Selon sa mère, l'addiction d'Alexandre a commencé à l'âge de 18 ans. Elle a décrit un jeune homme ayant vécu trois semaines dans la rue et hospitalisé en psychiatrie avant de fuguer. « Il est dangereux pour lui et pour les autres », a-t-elle affirmé, tout en expliquant avoir trouvé une place dans une clinique spécialisée pour qu'il soit pris en charge dès sa sortie.

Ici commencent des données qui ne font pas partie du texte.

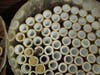 There are two ways to “keep” mason bees. One is by setting out wooden “bee blocks” with holes drilled in them. The other way is to use commercially available cardboard tubes.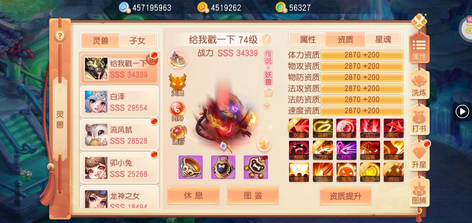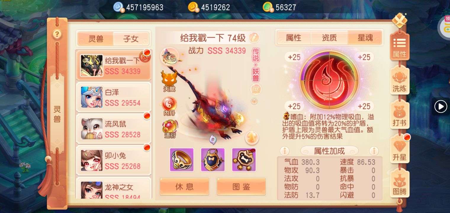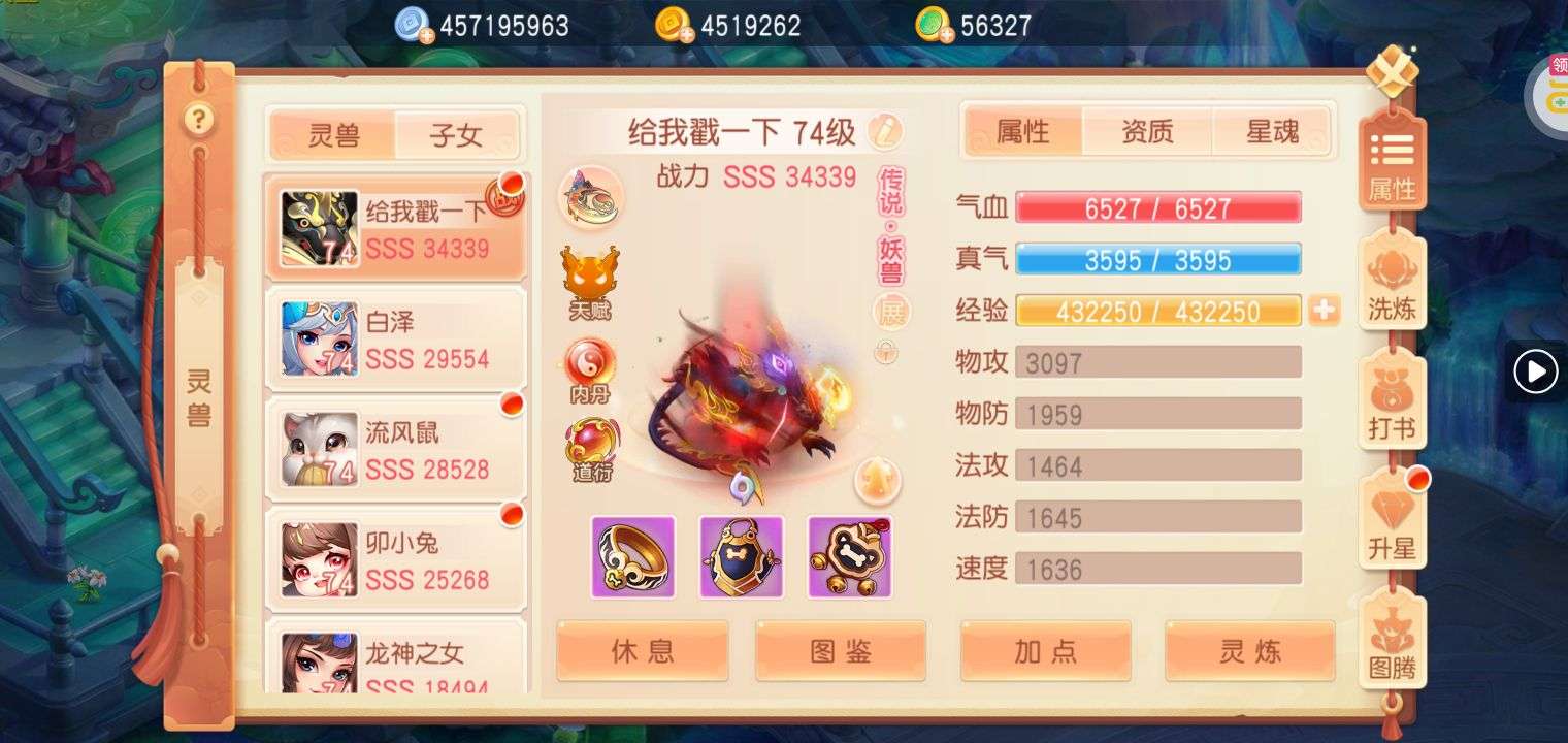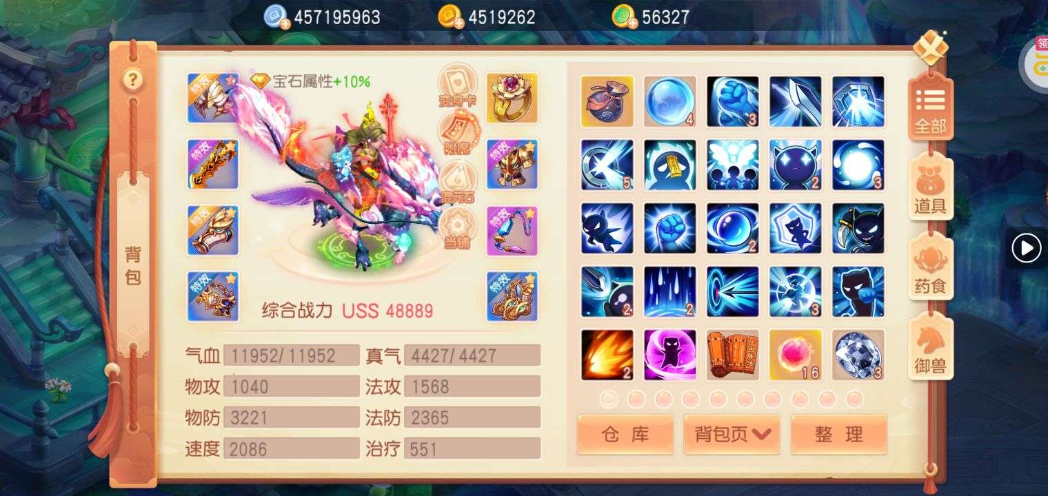 如图!装备全是灵兽增伤特效,其他仓库基本都是满的,各种资源都有……

L'expertise psychiatrique versée au dossier n'a relevé aucun trouble psychiatrique. Les experts estiment que les faits sont essentiellement liés à sa consommation de cocaïne et que le risque de récidive apparaît faible si un suivi addictologique sérieux est mis en place.

La détention comme déclic

Détenu depuis plusieurs mois, le prévenu assure avoir changé. « La détention m'a fait arrêter la cocaïne. Aujourd'hui, quand je vais sortir, je veux travailler et prendre soin de mes proches », a-t-il déclaré, avant d'ajouter : « Je suis triste de réécouter les faits. Avec le recul, je me rends compte que ça ne valait vraiment pas la peine. »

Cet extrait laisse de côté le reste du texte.